Not all of you folks on my FL read databeast , or keep up with the tech press. Which is why I’m quoting his most recent post in its entirety here:
Next week, at 8pm EST/00:00 GST, the Conficker worm will download its next code update.
I’ve spent the last 4 months spending damn near my every waking hour fighting this thing.
If you have no idea what I’m talking about, just go google ‘Conficker’ now. I’ll be happy to answer any questions.
In the meantime, go to http://windowsupdate.microsoft.com/ and download every last update on there.
Tell your friends to do the same.
if you can’t reach that site, you are already infected. Take your machine offline and get it disinfected by a professional.
But remember this, right now If you are not part of the solution, you are part of the problem.
Conficker is shaping up to be the scariest, largest botnet ever to have existed. If you use Windows as your operating system, and you don’t regularly update it, you are part of the problem, and your computer is likely now the property of some shadowy criminal syndicate based out of God-Knows-Where.
If you aren’t a Windows user, but you know people who are, tell them the above instructions. We have less than 7 days until what could, in the worst case scenario, be the most destructive event ever witnessed on the internet, a vast, data-stealing network owned by an organized crime syndicate. We aren’t talking science fiction here folks.
If every man would sweep his own doorstep the city would soon be clean.
He’s not kidding, folks. Conficker (aka Downup, Downadup, or Kido) is serious bad news. It’s the next level of Internet worm evolution; it’s Botnet 2.0, the most sophisticated worm yet seen. During one of its major activity spikes, on January 15-16, Conficker infected 1.1 million PCs in less than 24 hours. At that time, F-Secure estimated — conservatively — that 3.52 million systems were infected worldwide. By January 21 the number was believed to be around 9 million. Current estimates run as high as 12 million.

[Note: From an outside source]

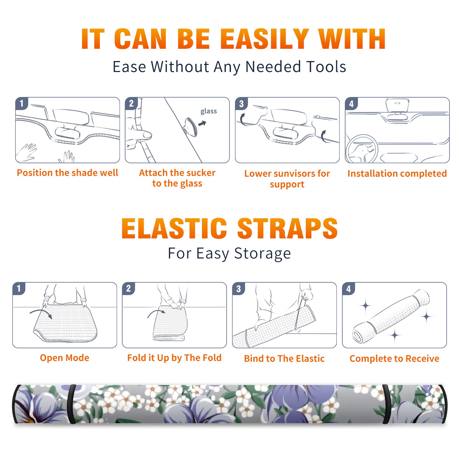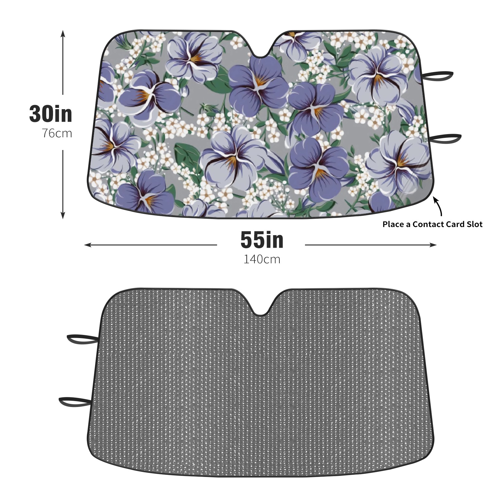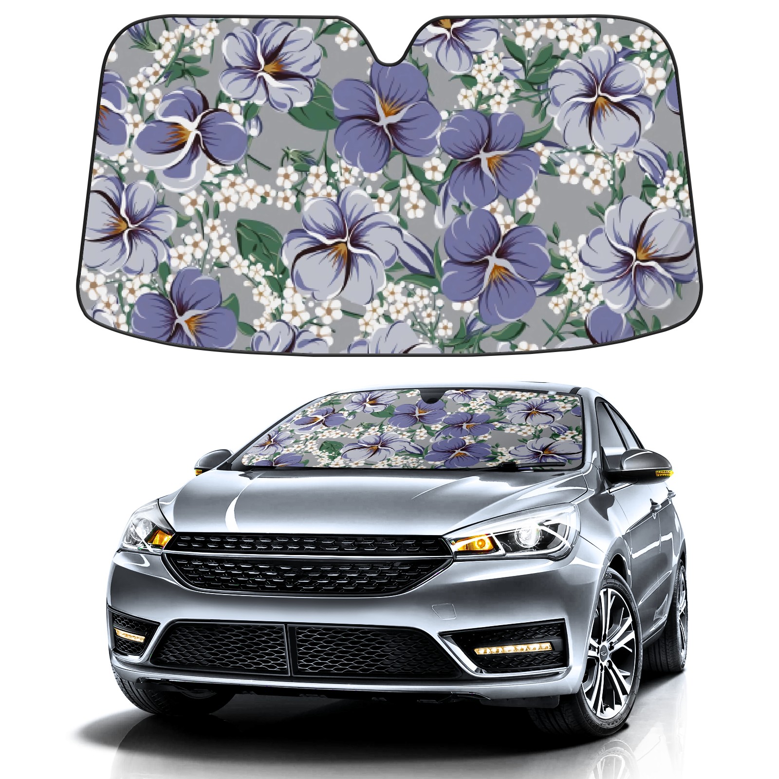 Car Windshield Sun Shade For Front Window Grey With Purple White Flowers Foldable Vehicle Windshield Car Sun Visor Covers Automotive Window Protector Car Camping Privacy Sun Blocker

For the technically knowledgeable among you, SRI International has an analysis of the most recent Conficker-C variant here. For the non-technical, McAfee has some less technical information about what it does here. And PC World has an article here detailing how it attacks and some measures you can take to protect yourself if you’re not already infected. (The article is slightly out of date; one recent Microsoft security patch disables AutoRun for you as a precaution.)

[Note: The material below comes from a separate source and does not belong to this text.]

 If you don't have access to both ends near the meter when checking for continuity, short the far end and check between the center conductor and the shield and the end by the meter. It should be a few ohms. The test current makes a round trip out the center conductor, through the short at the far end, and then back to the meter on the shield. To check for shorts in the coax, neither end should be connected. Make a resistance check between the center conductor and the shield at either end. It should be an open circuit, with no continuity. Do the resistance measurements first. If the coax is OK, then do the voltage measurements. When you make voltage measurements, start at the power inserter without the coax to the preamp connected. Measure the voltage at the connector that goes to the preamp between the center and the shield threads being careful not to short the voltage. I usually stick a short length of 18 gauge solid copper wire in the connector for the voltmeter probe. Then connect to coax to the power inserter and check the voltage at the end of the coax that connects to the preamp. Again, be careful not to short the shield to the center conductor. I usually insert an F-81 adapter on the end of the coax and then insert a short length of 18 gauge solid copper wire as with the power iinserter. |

One point from databeast ‘s post cannot be emphasized enough:
If you run Windows, with ANY browser, and you can read this post, but you cannot get to www.windowsupdate.com, or GRIsoft.com (home of AVG antivirus), or Trend Micro, or Sophos, McAfee or Kaspersky or any other antivirus site, assume you are already infected. Take your computer offline and seek professional assistance to get it disinfected and patched.
On April 1, the Conficker botnet goes active. And we don’t have any idea what its new instructions will tell it to do. But it could be very, very bad.
Since Conficker can’t block downloads of tools from sites that don’t match its internal list of strings, I’ve mirrored several of the free Conficker removal tools locally:
- Enigma Software’s Conficker removal tool
- BitDefender’s single-PC Conficker removal tool
- BitDefender’s Conficker removal tool for Microsoft networks
- F-Secure’s Conficker removal tool
- F-Secure standalone worm-detection scanner, less specific
So if you can’t get to windowsupdate or any of the antivirus sites, you can download removal tools here.